■ **Work task**
Although the data below holds other lines too, output only those from the line with "先市酱油三年熟成310ml传统手工自然发酵古法酿造酱油老抽官方" up to and including the line with "China Dinnerware Set", exactly as they appear.

■ **Record extracts**
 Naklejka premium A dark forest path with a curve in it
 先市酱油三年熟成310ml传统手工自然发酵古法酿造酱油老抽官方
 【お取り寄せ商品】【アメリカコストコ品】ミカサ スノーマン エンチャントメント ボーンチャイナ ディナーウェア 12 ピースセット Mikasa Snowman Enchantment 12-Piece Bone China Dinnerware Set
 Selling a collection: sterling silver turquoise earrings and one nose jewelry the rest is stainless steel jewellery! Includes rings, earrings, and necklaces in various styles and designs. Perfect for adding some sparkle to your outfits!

--

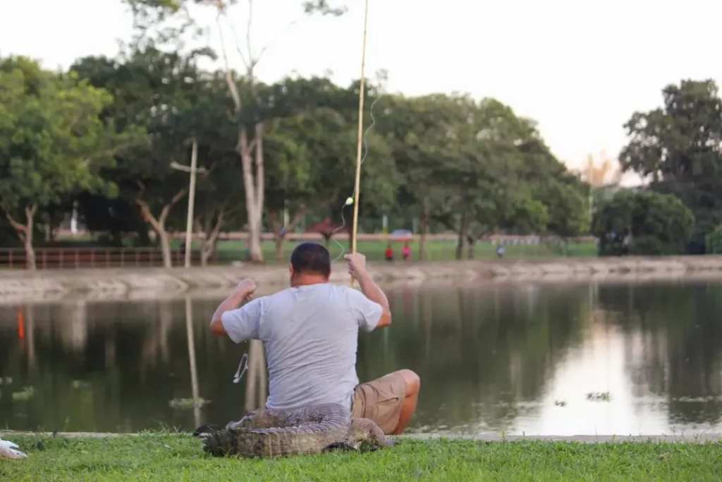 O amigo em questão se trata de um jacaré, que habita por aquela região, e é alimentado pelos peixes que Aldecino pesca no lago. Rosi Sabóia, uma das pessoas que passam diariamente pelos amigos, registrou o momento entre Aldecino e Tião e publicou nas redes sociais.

--

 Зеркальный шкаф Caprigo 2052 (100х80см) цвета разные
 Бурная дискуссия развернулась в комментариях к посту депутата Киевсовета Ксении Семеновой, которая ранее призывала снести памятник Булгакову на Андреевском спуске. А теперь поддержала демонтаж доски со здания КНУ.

■ **Response area**
 先市酱油三年熟成310ml传统手工自然发酵古法酿造酱油老抽官方
 【お取り寄せ商品】【アメリカコストコ品】ミカサ スノーマン エンチャントメント ボーンチャイナ ディナーウェア 12 ピースセット Mikasa Snowman Enchantment 12-Piece Bone China Dinnerware Set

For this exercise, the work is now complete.